* Data provided
● ● ●

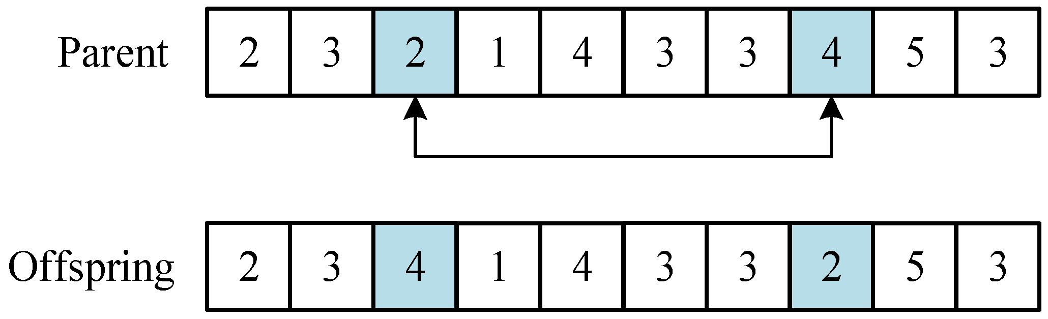 Figure 6, where the arrows are the positions of swap mutation points and the blue part is the genes that performs swap mutation.
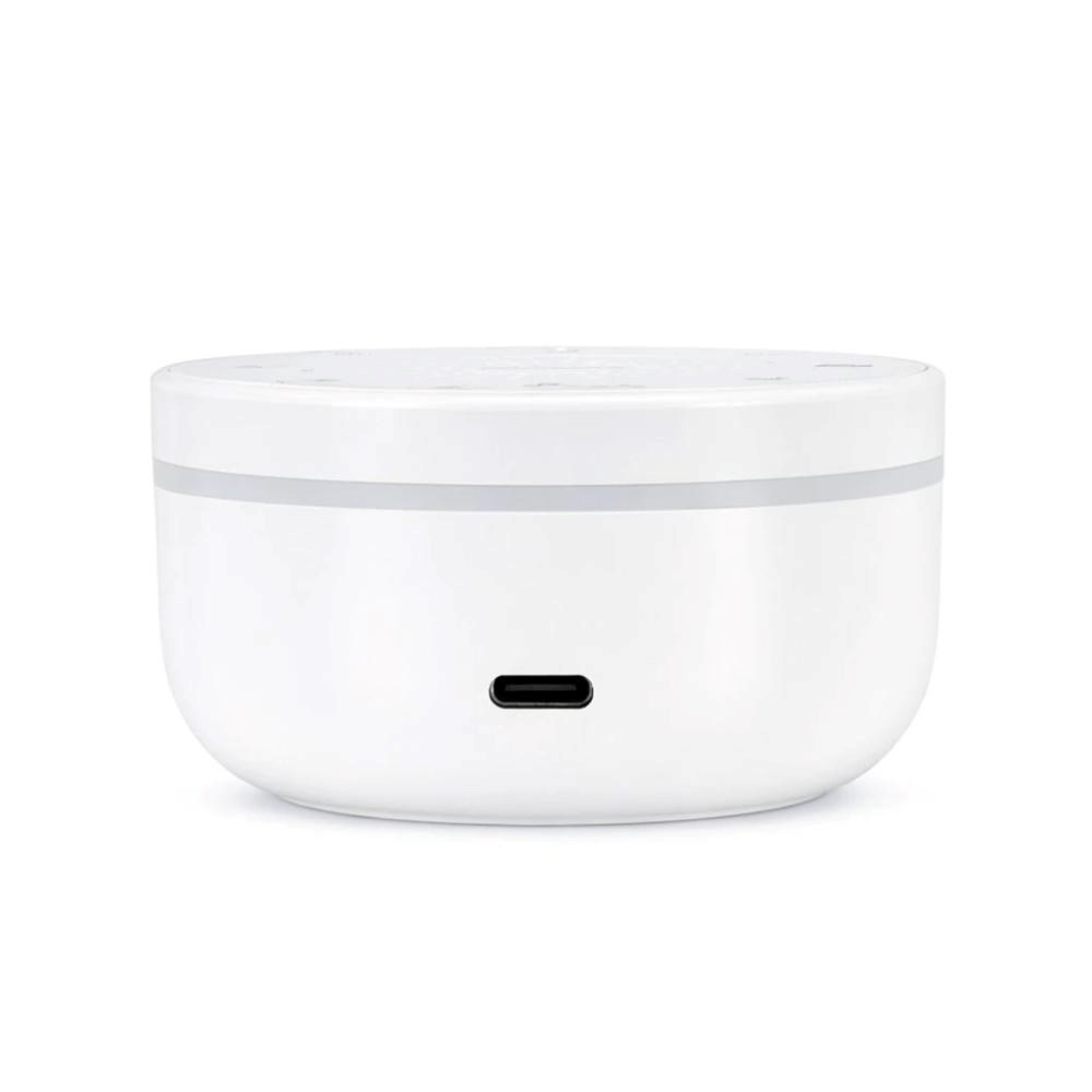 Přístroj v sobě skrývá vestavěnou baterii o kapacitě 1000 mAh, která zajistí provoz i bez připojení k nabíjecímu kabelu. Na jedno nabití zvládne provoz přibližně 6 až 8 hodin v závislosti na hlasitosti zvuku a intenzitě světla, nabíjení proběhne během cca 2,5 hodiny pomocí USB-C kabelu. Zařízení je tak ideální nejen do postýlky, ale i na cesty, do kočárku, na chalupu nebo při spaní v autě. Díky kompaktním rozměrům a nízké hmotnosti jej snadno vezmete kamkoliv s sebou.
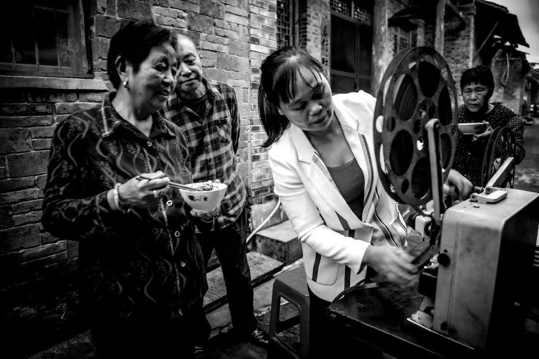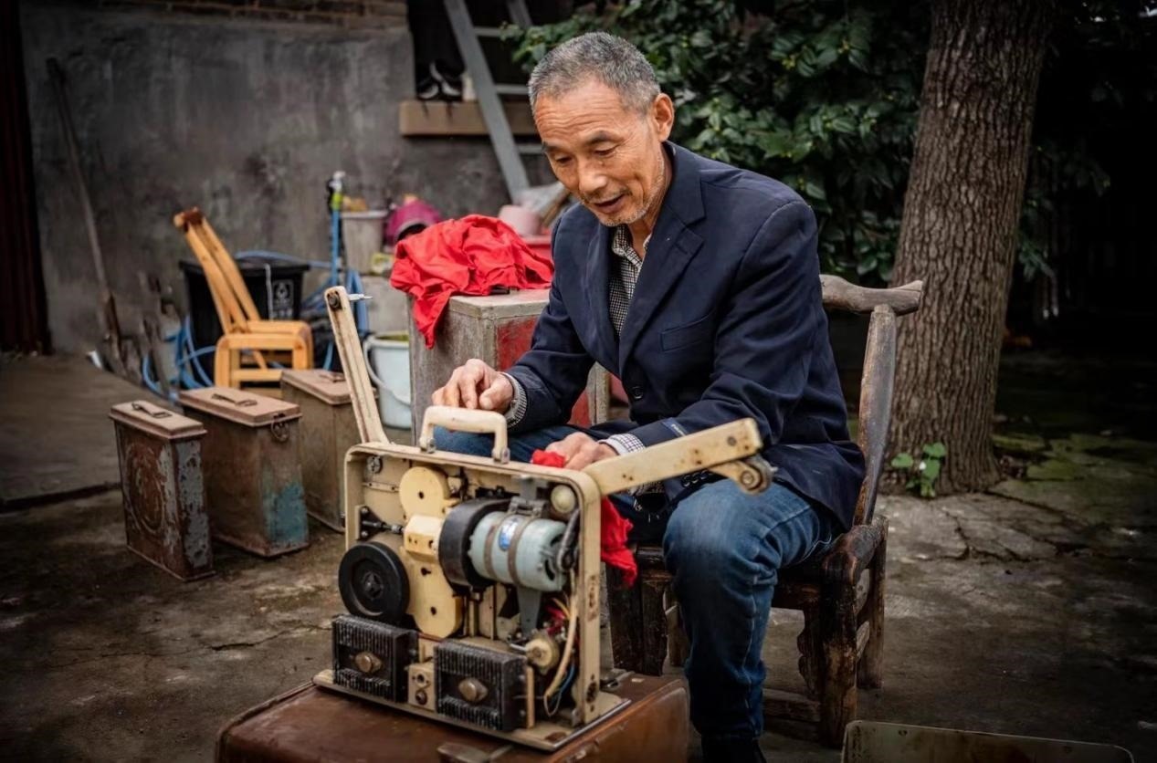 1983年,鄉(xiāng)里成立了電影放映隊(duì),曹毅成了隊(duì)長,還參加了電影培訓(xùn)班,扎扎實(shí)實(shí)地學(xué)了放映技術(shù)、電工等好多課程,成了專業(yè)的放映員。那時片源少,一張片子各個鄉(xiāng)排期輪流放映,讓曹毅最開心的事,就是坐上幾個小時的公交車去縣里拿膠片。有時揣著膠片回來的路上就忍不住想樂,哪回放新電影都像打仗一樣,人山人海,得防著別碰壞了放映機(jī),還得留心會有哪個村連夜來搶放映機(jī)。“總有一萬人,銀幕前后都是人,背面都有人看。在稻田里面把那稻子割完了以后,電影就在稻場里面放,不然地方不夠大?!笨諝庵酗h著稻谷的香味,不少人會盤腿坐在地上,扎扎實(shí)實(shí)看完一部電影。
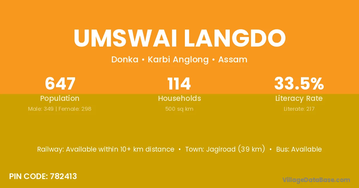 Jagiroad (39 km) is the nearest town to Umswai Langdo village for major economic activities and is located approximately 39 km away.

● ● ●

Once the images are removed, print the remaining data exactly as it appears above.

 Figure 6, where the arrows are the positions of swap mutation points and the blue part is the genes that performs swap mutation.
 Přístroj v sobě skrývá vestavěnou baterii o kapacitě 1000 mAh, která zajistí provoz i bez připojení k nabíjecímu kabelu. Na jedno nabití zvládne provoz přibližně 6 až 8 hodin v závislosti na hlasitosti zvuku a intenzitě světla, nabíjení proběhne během cca 2,5 hodiny pomocí USB-C kabelu. Zařízení je tak ideální nejen do postýlky, ale i na cesty, do kočárku, na chalupu nebo při spaní v autě. Díky kompaktním rozměrům a nízké hmotnosti jej snadno vezmete kamkoliv s sebou.
 1983年,鄉(xiāng)里成立了電影放映隊(duì),曹毅成了隊(duì)長,還參加了電影培訓(xùn)班,扎扎實(shí)實(shí)地學(xué)了放映技術(shù)、電工等好多課程,成了專業(yè)的放映員。那時片源少,一張片子各個鄉(xiāng)排期輪流放映,讓曹毅最開心的事,就是坐上幾個小時的公交車去縣里拿膠片。有時揣著膠片回來的路上就忍不住想樂,哪回放新電影都像打仗一樣,人山人海,得防著別碰壞了放映機(jī),還得留心會有哪個村連夜來搶放映機(jī)。“總有一萬人,銀幕前后都是人,背面都有人看。在稻田里面把那稻子割完了以后,電影就在稻場里面放,不然地方不夠大?!笨諝庵酗h著稻谷的香味,不少人會盤腿坐在地上,扎扎實(shí)實(shí)看完一部電影。
 Jagiroad (39 km) is the nearest town to Umswai Langdo village for major economic activities and is located approximately 39 km away.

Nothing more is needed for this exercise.